WHAT YOU ARE ASKED TO DO: With any pictures left out, restate word for word the lines in the listing below from the one holding "5. 小明在探究并联电路的电流规律实验时用了图中的某个电路。已知 $" through the last.
--- DATA FOR THE TASK Enclosed Below ---
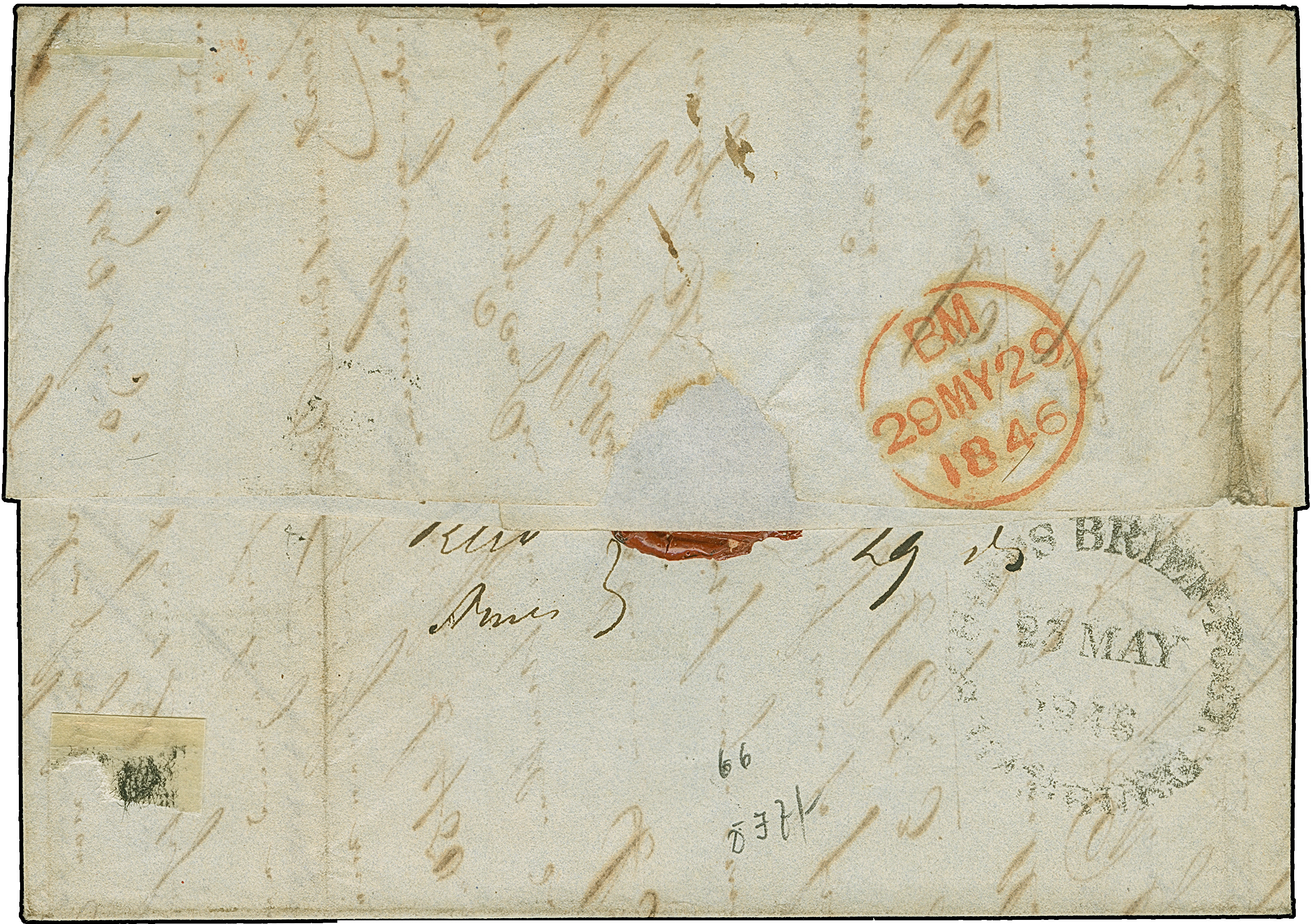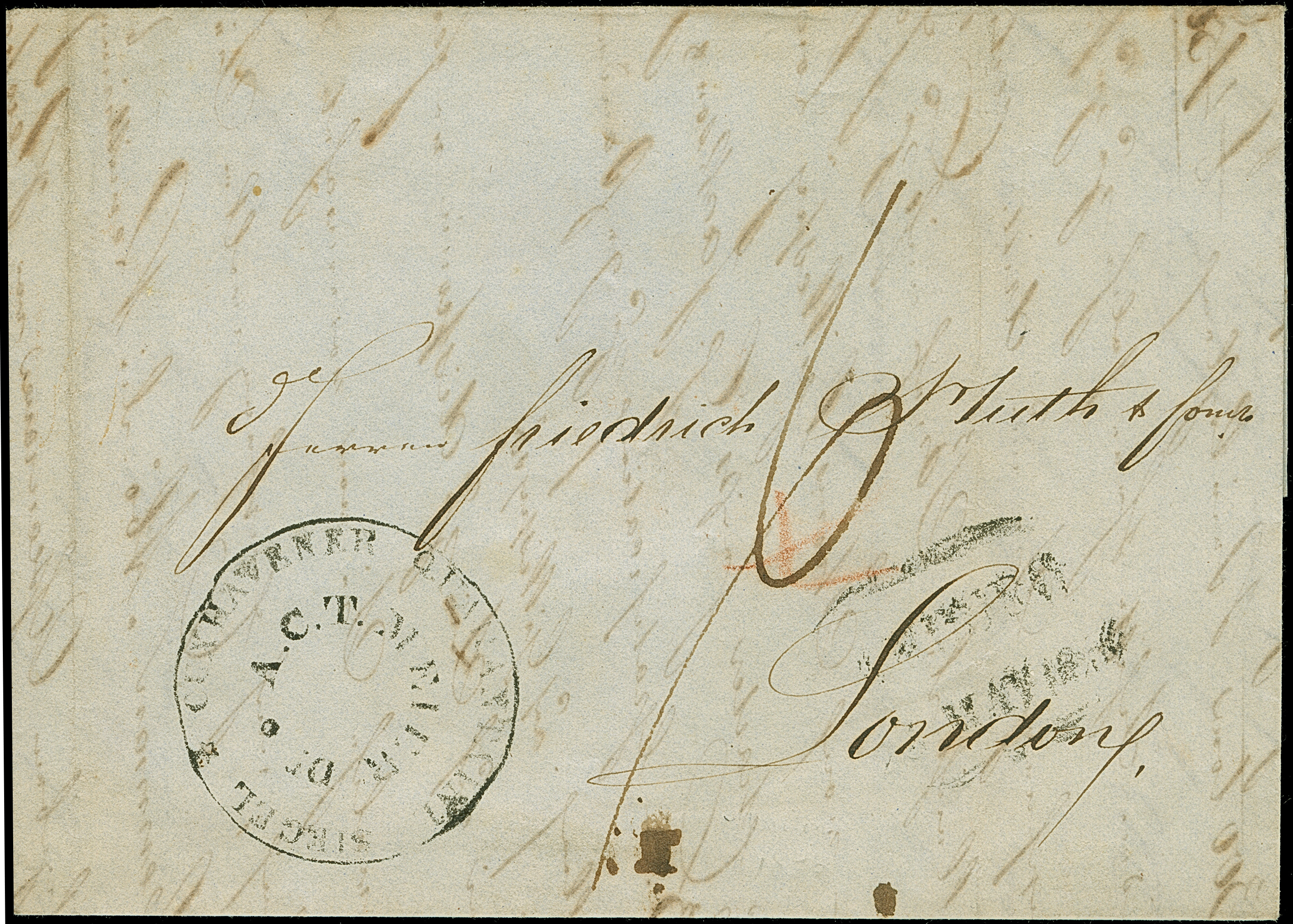 1846, "CUXHAVENER QUARANTÄNE-SIEGEL DR. A.C.T. MEIER", sauber auf komplettem Faltbrief der Hut-Korrespondenz nach London, mit nebengesetztem Schmetterlingsstempel "HAMBURG ..MAY 1846", rückseitigem Schiffsbrief- und Ankunftsstempel.
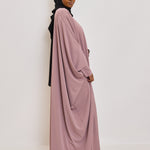 The Manar abaya is a classic and timeless abaya, with its high-end Medina silk material and its butterfly cut and front zip to facilitate breastfeeding.
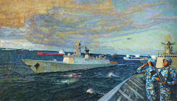 《中国海军亚丁湾护航》〡油画〡兰力斌
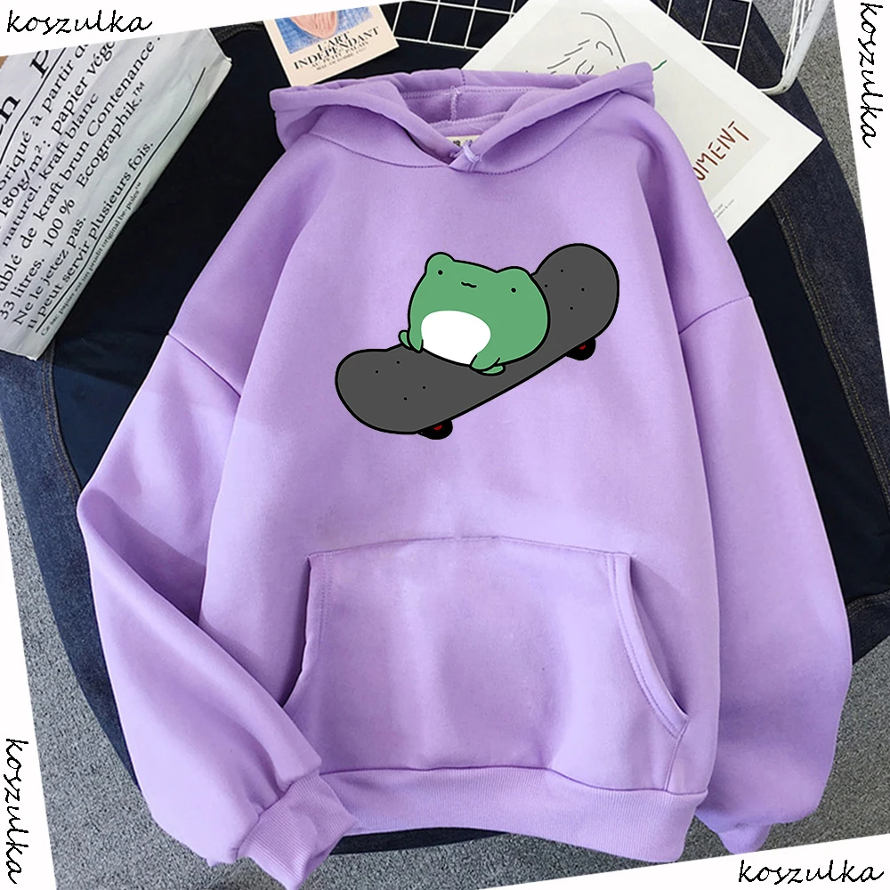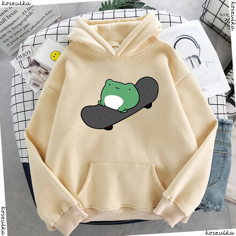 Толстовка Оверсайз с рисунком лягушки для скейтбординга, милые худи для женщин, женская одежда, корейский Свитшот
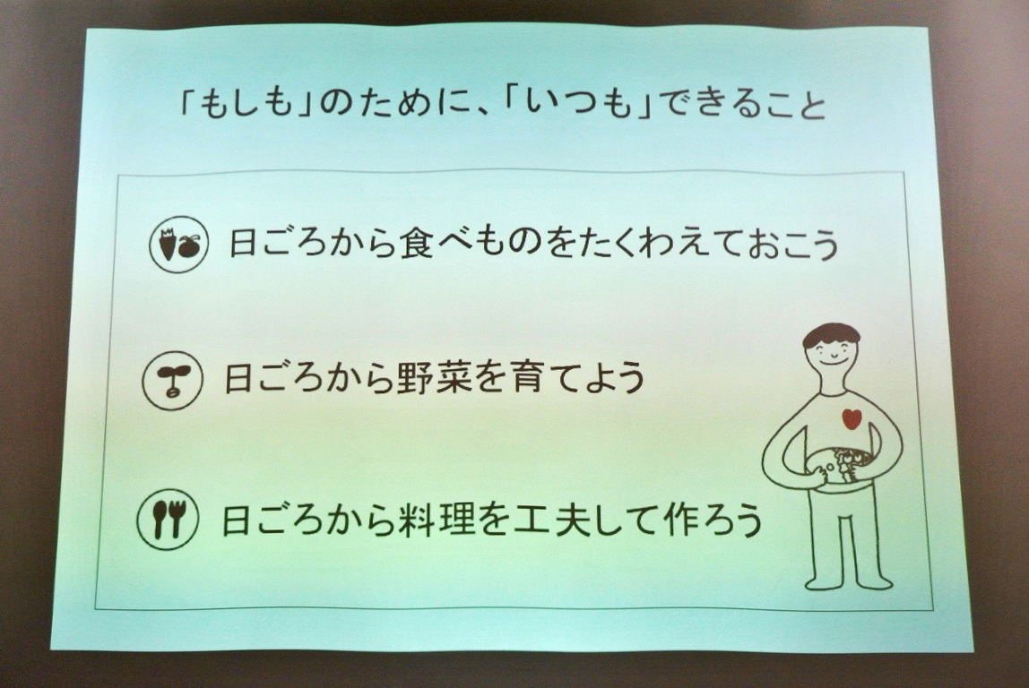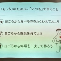 最後に、日頃からの食料備蓄はもちろんの事、家庭菜園までゆかなくともベランダ菜園のようなレベルでも野菜などを育てておく習慣を付ける事、小中学生でも工夫をして料理する事が大事だという事がまとめとして説明がありました。
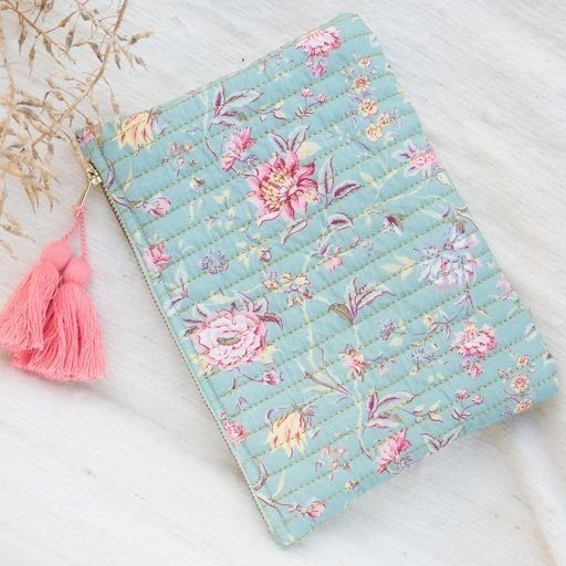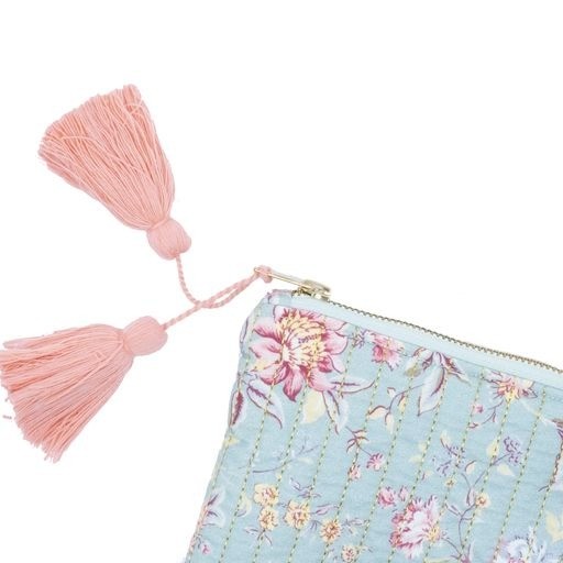 Практичный и богемный аксессуар, этот стеганый клатч с цветочным принтом, вертикальной строчкой из люрекса и кисточками ручной работы незаменим в повседневной жизни. Подкладка водоотталкивающая в полоску.Размер: 21 х 17,5 смУход: Не сушить в стиральной машине, сушить естественным способом, машинная стирка при температуре 30°.
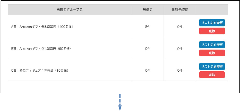 3. グループ名をクリックすると各当選者グループの管理画⾯に推移します。
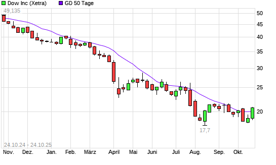 Mit dem Anstieg auf 20,70 EUR hat die Dow-Aktie am 23.10.2025 die 50-Tage-Linie nach oben gekreuzt.Die Dow-Aktie befindet sich seit dem 19.07.2024 im langfristigen Abwärtstrend und hat in diesem ...weiterlesen
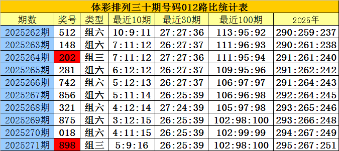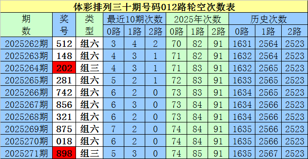 开奖回顾:排列三第2025271期奖号为:898,号码012路比为1:0:2。
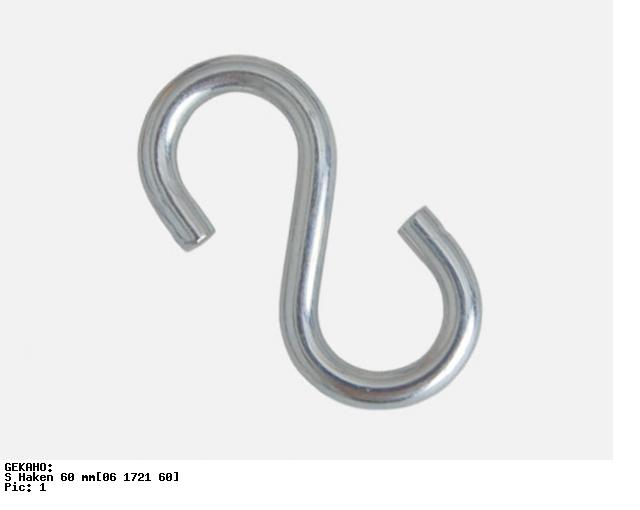 S-Haken Größe ca.: Länge 60 mm, Breite 30 mm Stärke 6 mm
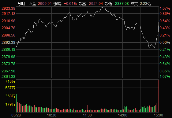 2019年5月28日,MSCI扩容第一次生效,大盘指数出现尾盘暴力拉升现象,上证指数尾盘翻红直线拉升突破2900点,涨幅接近0.65%。
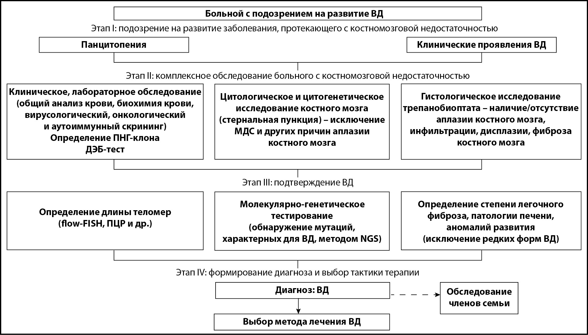 На рис. 5 представлен алгоритм диагностики обследования больных с целью исключения/подтверждения наличия врожденной формы костно-мозговой недостаточности, в частности ВД.
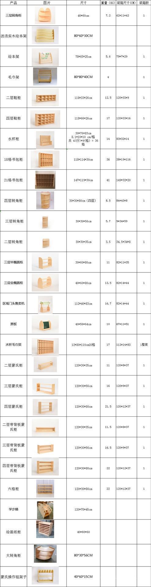 Двухслойный многоэтажный шкаф Монтеса 120*30*35cm; Трехслойный многоэтажный шкаф Монтеса 120*30*56cm; Четырехслойная доска шкаф Монтеса 120*30*80cm; Второй этаж с задней панелью шкаф Монтеса 120*30*35cm; Три этажа с задней панелью шкаф Монтеса 120*30*56cm; Четыре слоя с задней панелью шкаф Монтеса 120*30*80cm; Двухслойный многоэтажный угловой шкаф 30*30*35cm; Три слоя многослойной панели угловой шкаф 30*30*56cm; Четырехслойный многоугольный шкаф 30*30*80cm; Обувной шкаф на втором этаже 118*33*26cm; Трехслойный полуовальный шкаф 30*60*80cm; Трехслойный полный овальный шкаф 40*60*80cm; Торговый автомат 112*83*40cm; Удержатель книжки с картинками 74*65*28cm; Волнистая деревянная книжка с картинками 80*60*30CM; Овальный угловой шкаф 40*60cm; 18 сетки шкаф 118*114*30cm; Стакан для воды шкаф 30*76*83cm; Стакан для полотенец 110*80*12cm20 сетка; Съемная вешалка для полотенец 80*80*40cm; Одеяла Монтеса 40*60*15CM
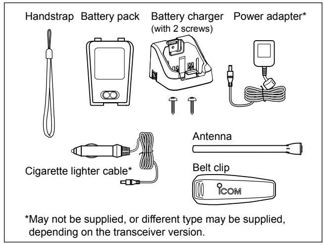 NOTE: If the transceiver's waterproof protection appears defective, carefully clean it with a soft, damp (fresh water) cloth, then dry it before operating. The transceiver may lose its waterproof protection if the case, jack cap, or connector cover is cracked or broken, or the transceiver has been dropped. Contact your lcom distributor or your dealer for advice.
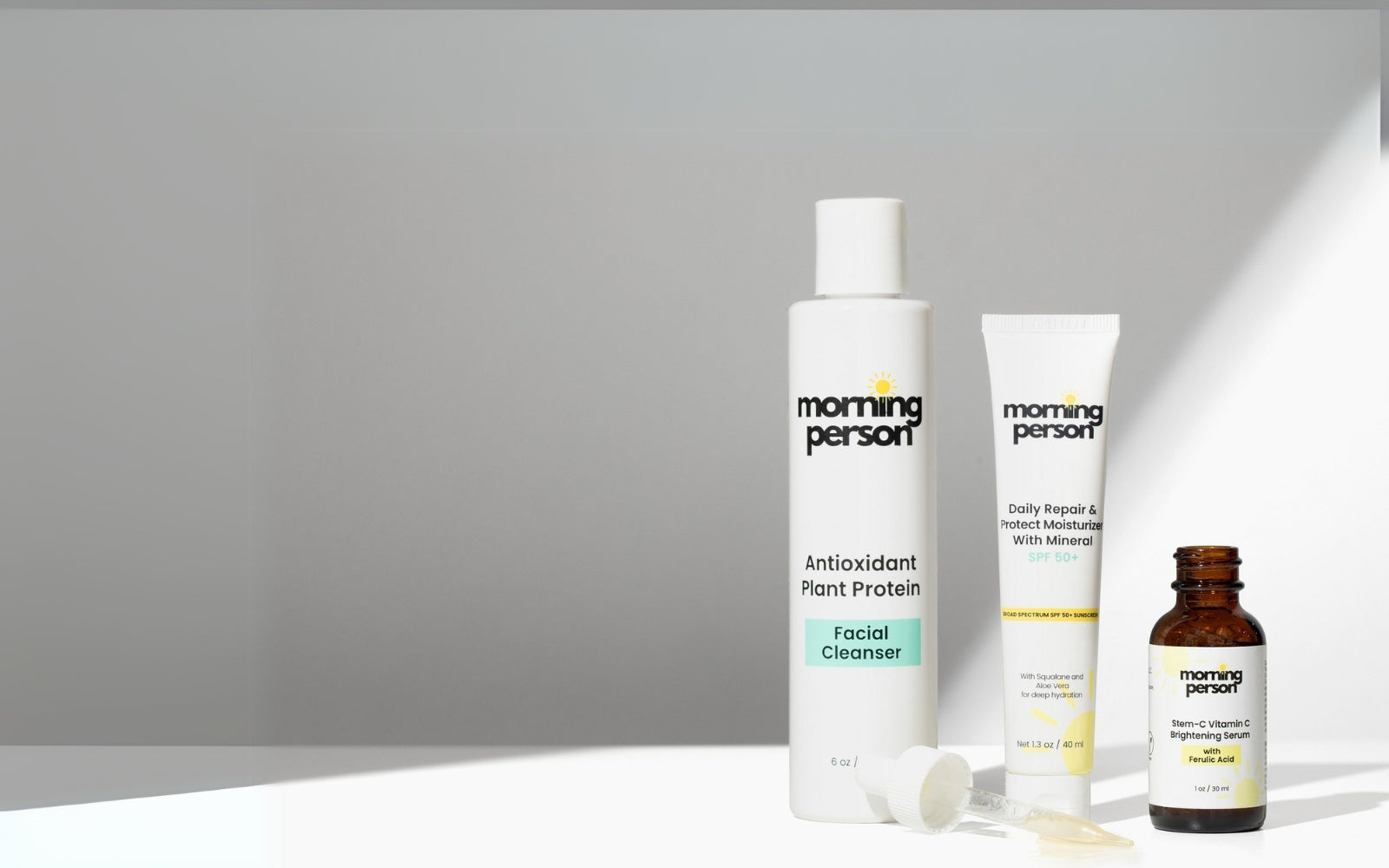 Here at Morning Person, we're passionate about keeping things simple. Our Morning Routine collection is all about brightening, preventing, and repairing your skin, all in one go. Fewer steps, more benefits - it's a win-win! Your skin will thank you, looking brighter, feeling more hydrated, and protected from the elements
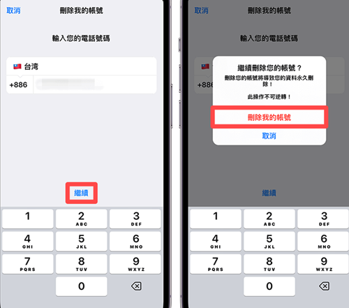 输入你的电话号码,台湾用户前面必须是 +886,后面号码直接从 9 开始填,例如:912345678,然后按一下「继续」。
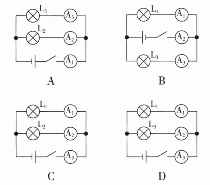 5. 小明在探究并联电路的电流规律实验时用了图中的某个电路。已知 $ L_1 $ 和 $ L_2 $ 规格相同,$ L_3 $ 与 $ L_1 $ 规格不同,电流表 $ A_1 $ 读数为 $ 0.3 \, A $,$ A_2 $ 为 $ 0.15 \, A $,$ A_3 $ 为 $ 0.45 \, A $。测量时的电路图应是(
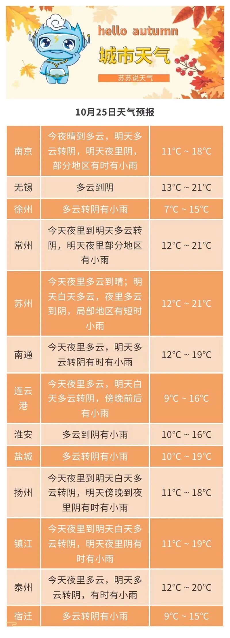 夜里全省晴转多云;白天长江以北地区阴有小雨,其他地区多云。最高温度:本省东南部地区20~21℃,本省西北部地区15℃左右,其他地区18℃左右;最低温度:淮北北部地区8~9℃,本省东南部地区12~13℃,其他地区11℃左右。全省偏北风4级左右。
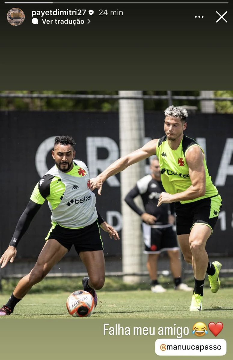 Payet posta foto com Capasso de lance no CT Moacyr Barbosa; veja
--- End of Enclosed DATA FOR THE TASK ---
SOLUTION TO THIS TASK:
 5. 小明在探究并联电路的电流规律实验时用了图中的某个电路。已知 $ L_1 $ 和 $ L_2 $ 规格相同,$ L_3 $ 与 $ L_1 $ 规格不同,电流表 $ A_1 $ 读数为 $ 0.3 \, A $,$ A_2 $ 为 $ 0.15 \, A $,$ A_3 $ 为 $ 0.45 \, A $。测量时的电路图应是(
 夜里全省晴转多云;白天长江以北地区阴有小雨,其他地区多云。最高温度:本省东南部地区20~21℃,本省西北部地区15℃左右,其他地区18℃左右;最低温度:淮北北部地区8~9℃,本省东南部地区12~13℃,其他地区11℃左右。全省偏北风4级左右。
 Payet posta foto com Capasso de lance no CT Moacyr Barbosa; veja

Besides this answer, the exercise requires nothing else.